BY JIM DOOLEY – Prosecutors in the Aloun Farms forced labor trial lost another bid Wednesday to delay the proceedings, then took testimony from a key witness who implicated defendant Alec Sou in a scheme to underpay imported Thai workers and to collect $2,500 in kickbacks for every laborer he hired.
Brothers Alec and Mike Sou are on trial in federal court on charges ranging from forced labor, document servitude, criminal conspiracy and witness tampering.
On Tuesday, the lead prosecutor, Asst. U.S. Attorney Susan French, withdrew from the case for unspecified health reasons and after she admitted giving misleading information to the grand jury that indicted the Sou brothers in 2009.
The Justice Department asked U.S. District Court Chief Judge Susan Mollway Tuesday and Wednesday to temporarily halt the trial until a replacement lead prosecutor can arrive from Washington to review the case files and decide how to proceed.

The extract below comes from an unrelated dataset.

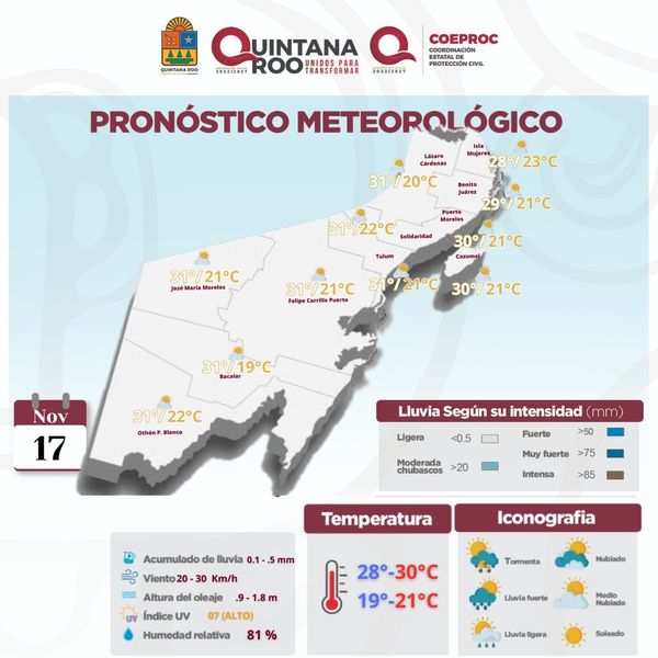 8.- FELIPE CARRILLO PUERTO.- medio nublado, poca probabilidad de lluvias, caluroso, viento del oeste y noroeste de 20 a 30 km/h con rachas más fuertes. Temperatura Máxima: 28/30 GC. Temperatura Mínima: 20/22 GC. Sensación Térmica: 37 GC. Presión Atmosférica: 1011 hPa. Salida del Sol: 07:03 h. Puesta del Sol: 18:14 h.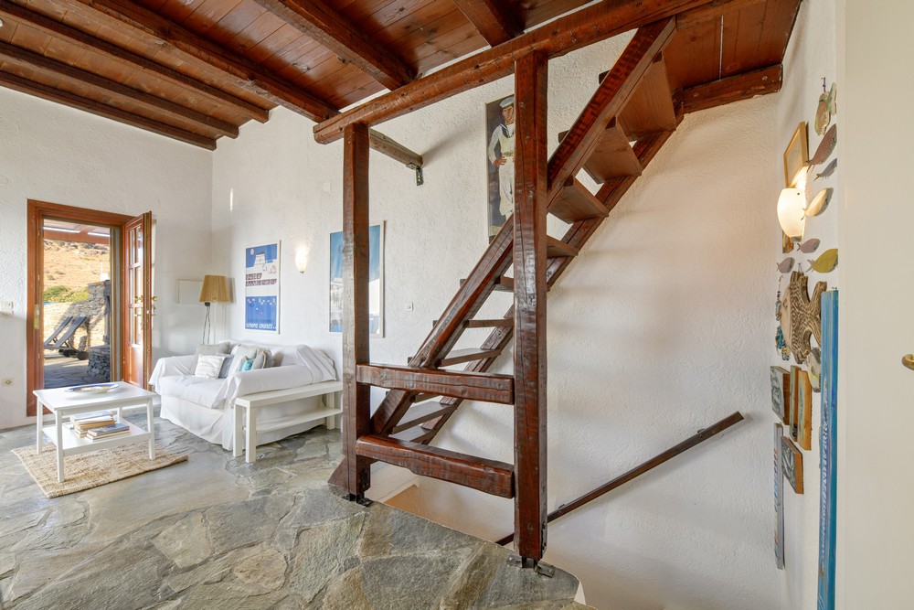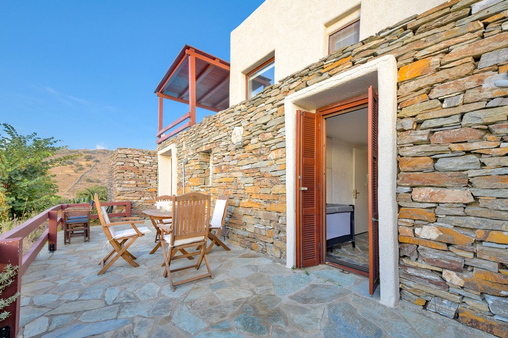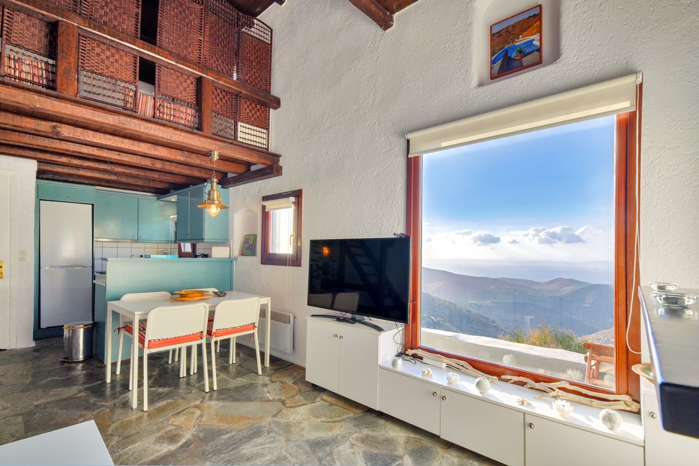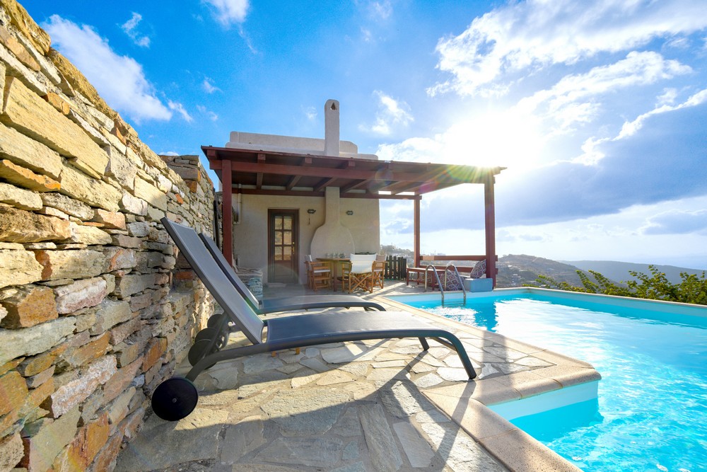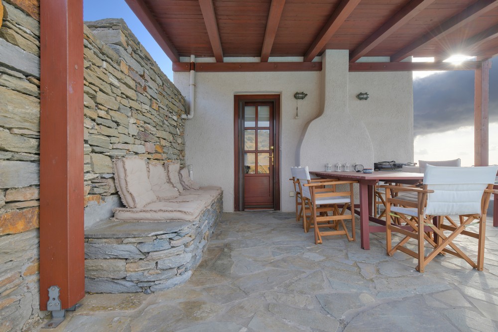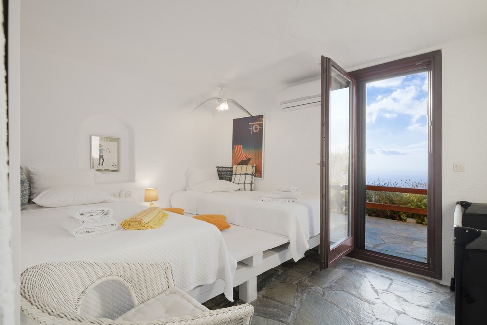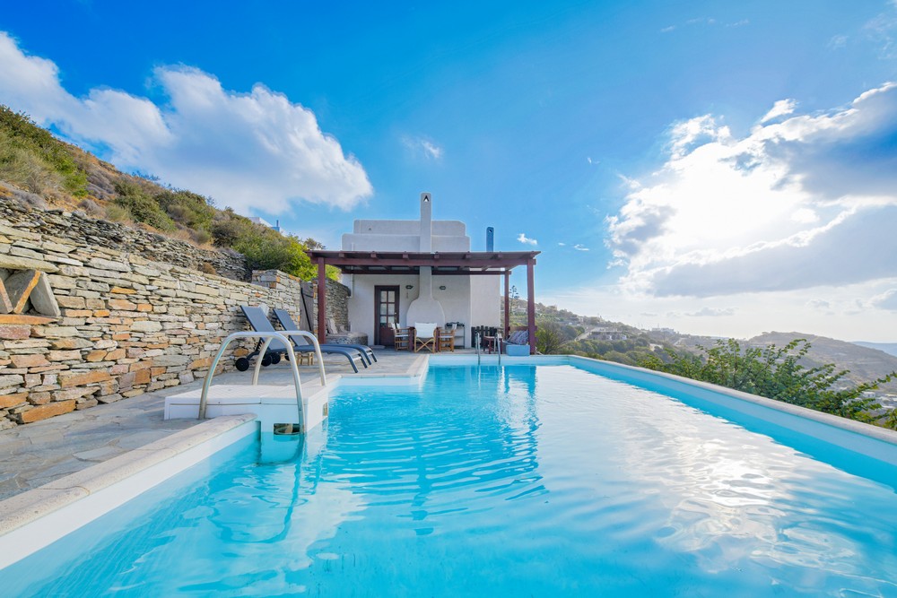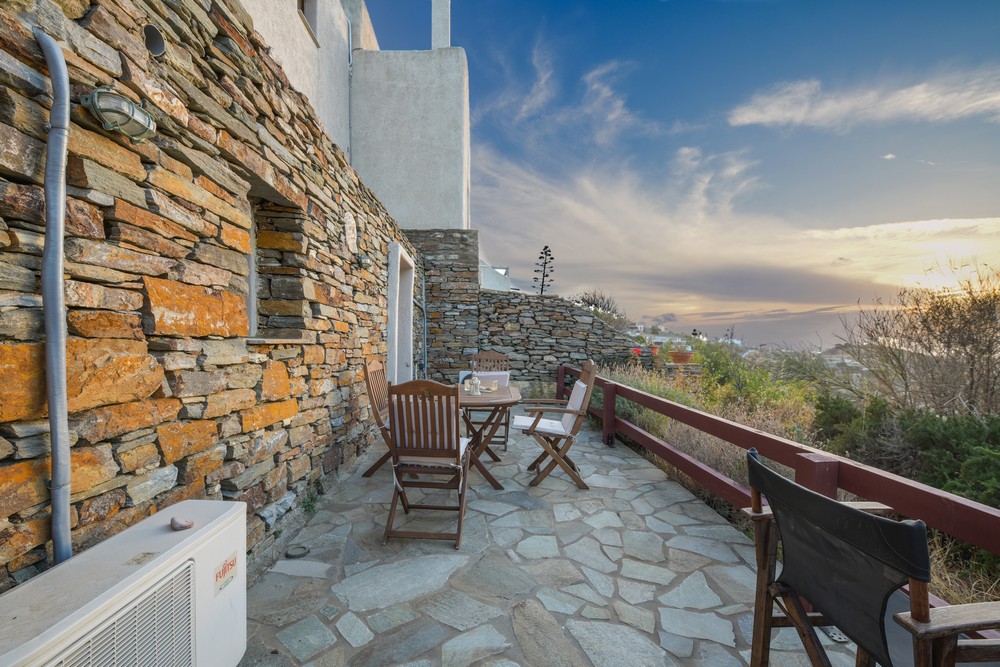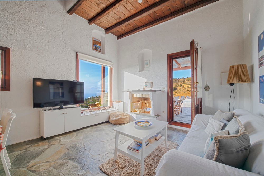 The house is 120 sq meters on a 1,000s meters plot of land near Chora (Ioulitha). Outside there is a swimming pool and terrace from where one has a breathtaking view of the surrounding area and the sea. Near the swimming pool there is a shaded dining/seating area.The ground floor of the house has a living room with fireplace and large windows that again give one a fantastic sea view. Near dining area there is a fully equipped kitchen and a w.c.  Near the kitchen there are stairs leading to an open-plan area that overlooks the living room, which can be used as the third bedroom. The floor below the ground level has two bedrooms and two bathrooms., both bedrooms lead onto a large patio which offers great views of the surrounding area and the sea.

Mollway rejected those requests and instructed two prosecutors who were assisting French to continue presenting witnesses in the trial, which began last week and is scheduled to continue through the month.
Labor recruiter Matee Chowsanitphon testified that farm workers in Thailand agreed to pay $16,000 each to work in Hawaii, with the money to be evenly split between Chowsanitphon and a Singapore-based business partner, William Khoo.
Khoo is a co-defendant in the case but has never been arrested.
Chowsanitphon, a naturalized American who works at a 7-11 store in Pomona, Calif., has pleaded guilty to a visa fraud charge and is serving a five-year probation term.
Chowsanitphon told the jury that he first offered to give Alec Sou $1,500 for every Thai worker that Aloun Farms hired. In a later meeting at a Bangkok hotel, Chowsanitphon upped the offer to $2,500, he testified.
“How did Alec Sou respond?” Asst. U.S. Atty. Susan Cushman asked.
“Initially he didn’t respond, but towards the end he agreed. He touched my hand and agreed he was going to do it,” the witness said.
After 44 Thai workers arrived at Aloun Farms in September 2004, Alec Sou complained that the $2,500-per-worker fees hadn’t been transferred to his bank account, according to Chowsanitphon.
Sou balked at paying more than $9 per hour to the Thais, the rate required under federal rules for visiting farm workers, according to Chowsanitphon.
“Alec was worried about the wage of the workers. He talked about how he didn’t have to pay $9 for the workers,” the witness said.
When the foreign laborers arrived, they were unhappy to discover that instead of being paid an expected $1,800 per month, they would receive $1,200 – and a further $200 would be deducted for monthly food expenses, the witness said.
Sou also told Chowsanitphon that he wanted to keep the passports of the farm workers once they arrived here so that they “would not run away,” the witness said.
“I told him right away that was against the law,” Chowsanitphon said.